■ **Source material**:
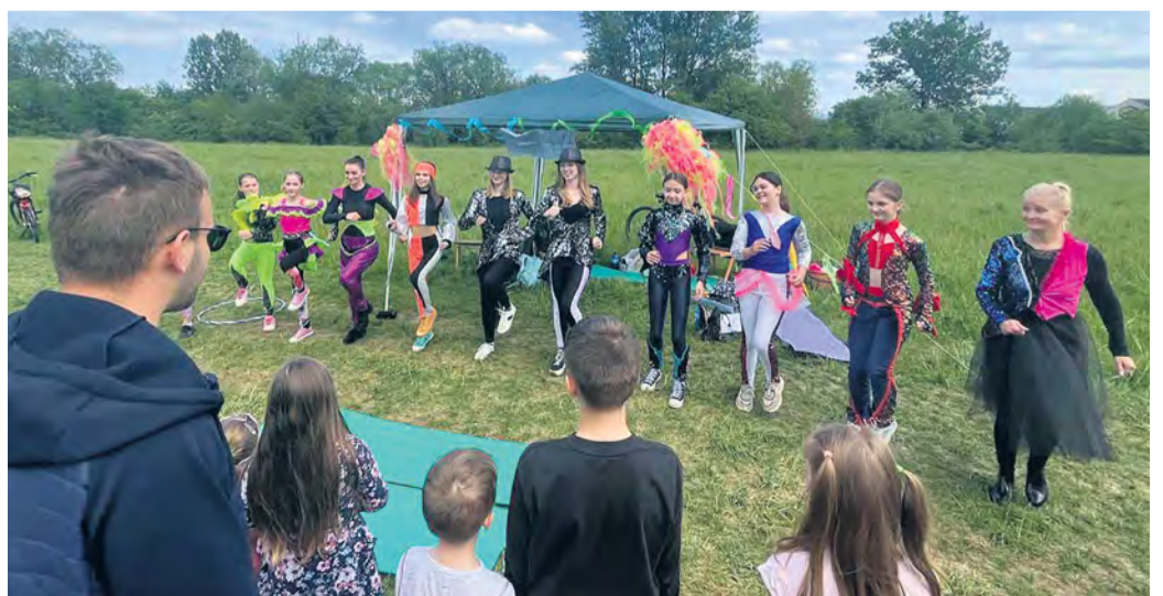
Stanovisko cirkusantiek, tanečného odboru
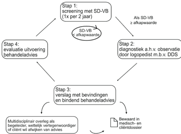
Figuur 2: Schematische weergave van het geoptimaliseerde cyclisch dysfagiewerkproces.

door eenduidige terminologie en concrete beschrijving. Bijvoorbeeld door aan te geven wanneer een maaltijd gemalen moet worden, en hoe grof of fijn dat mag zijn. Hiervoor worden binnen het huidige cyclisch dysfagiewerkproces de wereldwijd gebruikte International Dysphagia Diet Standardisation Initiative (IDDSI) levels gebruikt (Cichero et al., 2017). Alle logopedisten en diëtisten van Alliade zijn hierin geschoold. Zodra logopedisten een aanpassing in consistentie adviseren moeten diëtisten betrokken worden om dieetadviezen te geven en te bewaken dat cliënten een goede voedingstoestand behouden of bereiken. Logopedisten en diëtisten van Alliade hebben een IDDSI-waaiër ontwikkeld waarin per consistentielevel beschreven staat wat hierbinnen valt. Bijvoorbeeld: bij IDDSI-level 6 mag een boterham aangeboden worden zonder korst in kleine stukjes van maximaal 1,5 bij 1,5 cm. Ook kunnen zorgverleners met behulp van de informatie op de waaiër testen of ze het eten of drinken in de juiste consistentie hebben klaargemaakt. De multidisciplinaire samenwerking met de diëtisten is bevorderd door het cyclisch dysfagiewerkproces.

■ **Aim of the task**: Line by line, return the listing above exactly, leaving out its pictures.

■ **Solution for this problem**:
Stanovisko cirkusantiek, tanečného odboru
Figuur 2: Schematische weergave van het geoptimaliseerde cyclisch dysfagiewerkproces.

door eenduidige terminologie en concrete beschrijving. Bijvoorbeeld door aan te geven wanneer een maaltijd gemalen moet worden, en hoe grof of fijn dat mag zijn. Hiervoor worden binnen het huidige cyclisch dysfagiewerkproces de wereldwijd gebruikte International Dysphagia Diet Standardisation Initiative (IDDSI) levels gebruikt (Cichero et al., 2017). Alle logopedisten en diëtisten van Alliade zijn hierin geschoold. Zodra logopedisten een aanpassing in consistentie adviseren moeten diëtisten betrokken worden om dieetadviezen te geven en te bewaken dat cliënten een goede voedingstoestand behouden of bereiken. Logopedisten en diëtisten van Alliade hebben een IDDSI-waaiër ontwikkeld waarin per consistentielevel beschreven staat wat hierbinnen valt. Bijvoorbeeld: bij IDDSI-level 6 mag een boterham aangeboden worden zonder korst in kleine stukjes van maximaal 1,5 bij 1,5 cm. Ook kunnen zorgverleners met behulp van de informatie op de waaiër testen of ze het eten of drinken in de juiste consistentie hebben klaargemaakt. De multidisciplinaire samenwerking met de diëtisten is bevorderd door het cyclisch dysfagiewerkproces.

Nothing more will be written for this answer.